Government derives legitimacy from the will of the people. That’s a fundamental principle of our democracy. Given that citizens most often express their will at the ballot box, ensuring free, fair, and accurate elections is vital to the health of our democracy.
Voter turnout often reflects the level of public confidence in the electoral process and political institutions. A quick check of California’s abysmal voter participation rate indicates low levels of trust.
The steady increase of money flowing into California elections has shaken voter confidence in the fairness of our electoral system. Voters feel their voice is being drowned out by record campaign spending causing elected officials to prioritize serving special interests over the public interest and undermining the principle of one person, one vote. As a result, many eligible voters opt out entirely.
Among Californians that actually make it out the polls, many aren’t sure their ballot is being counted.
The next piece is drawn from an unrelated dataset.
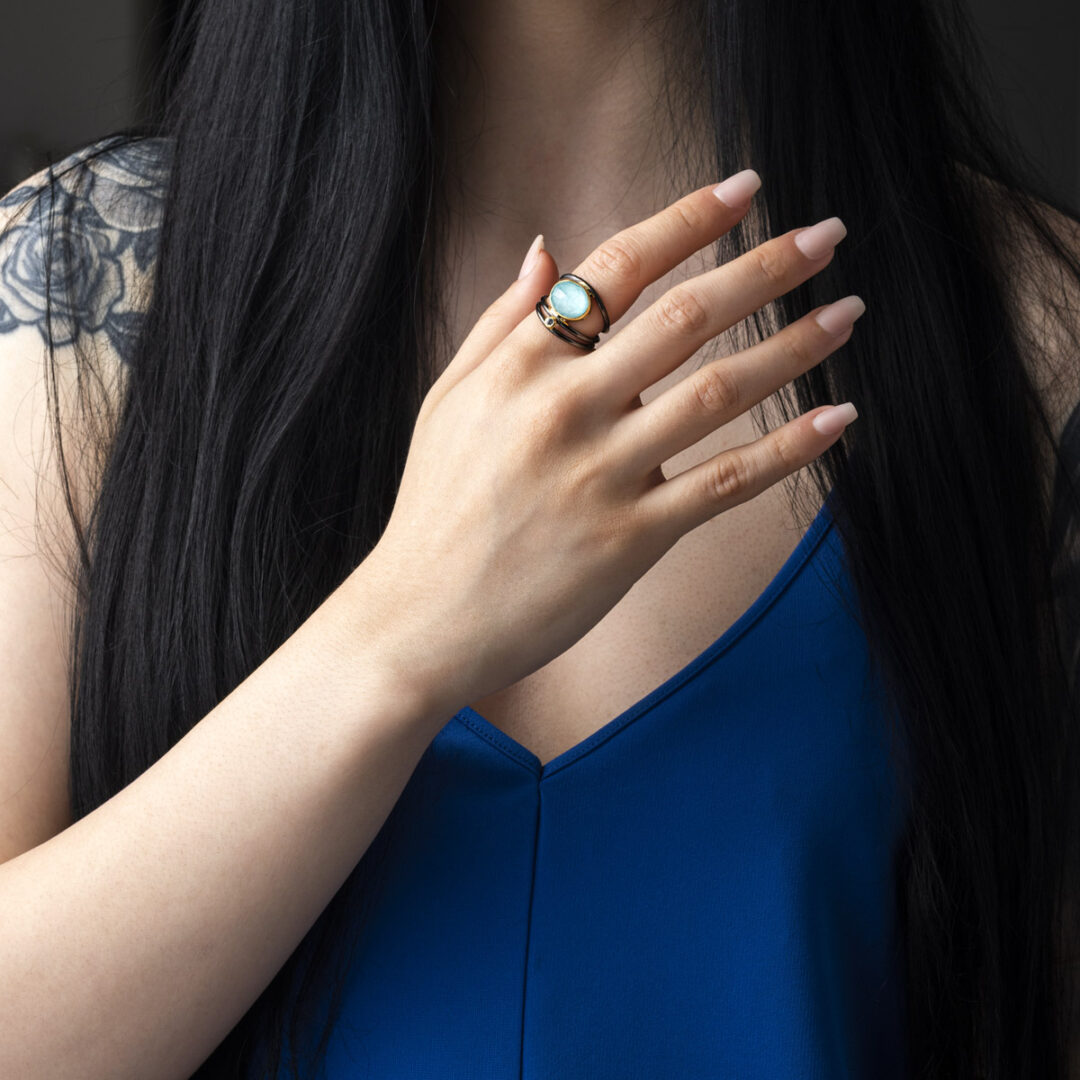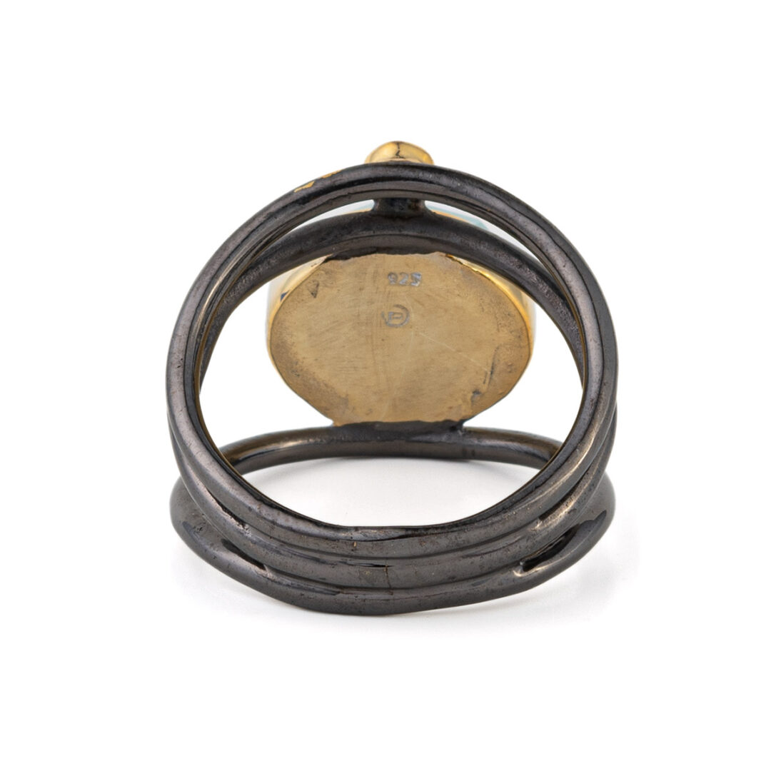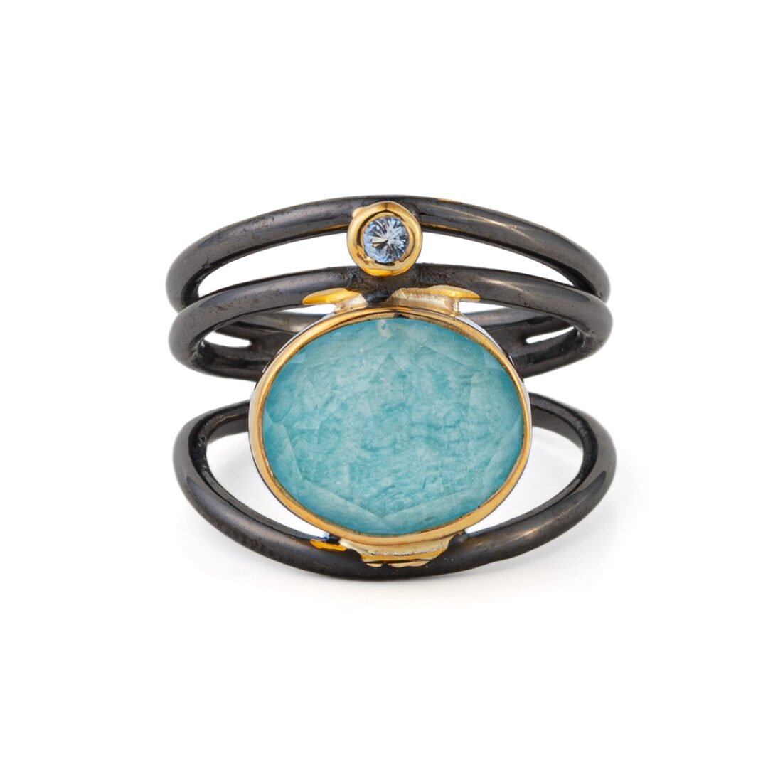 Amazonite and Zircon Oxidized Ring – 925 Sterling Silver and Gold Plated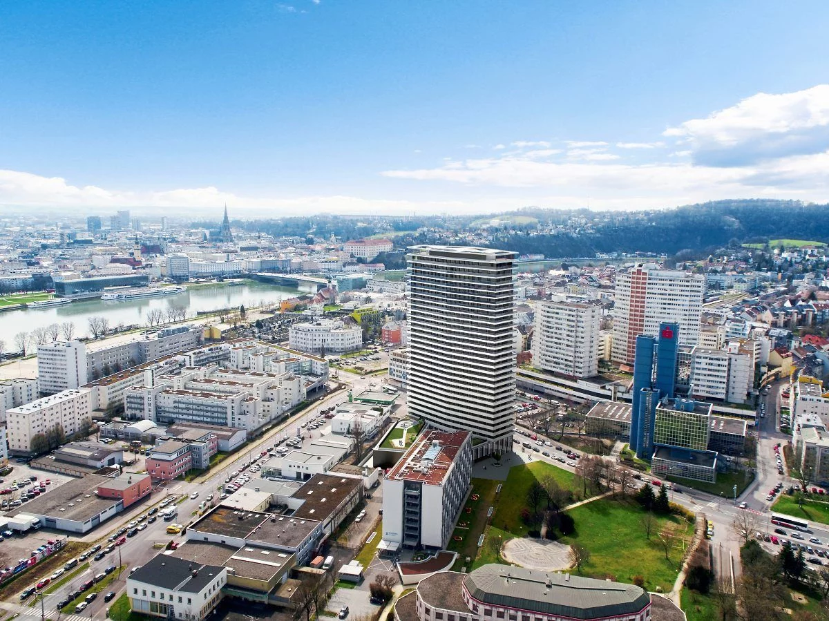 Der von den Architekten AllesWirdGut entworfene Bruckner Tower befindet sich auf dem ehemaligen Campus der Anton Bruckner Universität im Norden von Linz in unmittelbarer Nähe des Donau-Ufers. Dieser kürzlich fertiggestellte Wohnturm mit 31 Stockwerken bietet Raum für Wohnungen, Büroräume sowie für Betreuungs- und Bildungseinrichtungen, von denen das umliegende Stadtviertel profitiert.

According the to 2012 Survey of the Performance of American Elections (SPAE), 67 percent of Americans who voted in person said they were “very confident” their ballot was cast and counted in the last presidential election and only 55 percent of absentee voters. Although problems are inevitable, the state must to do more to ensure every ballot cast is counted.
It’s clear the state must invest in rebuilding voter confidence. But how, you ask? By improving electoral transparency. As campaign coffers swell with cash, voters need to know who’s spending money to influence California elections and legislators and feel confident that their ballot is being counted. A transparent and secure electoral process is essential to restoring the public’s trust and maintaining a healthy democracy.
Want to know what low or no-cost measures the six candidates for California Secretary of State would take, right away, to improve electoral transparency? California Forward asked them. Watch the video to find out what they said. Hint: technology-driven transparency.
On May 6th the six candidates vying to become California’s chief election official will gather in San Diego for the second stop on the statewide California Secretary of State Candidate Forum tour. At the statewide Candidate Forum, co-sponsored by California Forward, the candidates will be asked to share their thoughts about everything from voting rights and technology to electoral reform and transparency.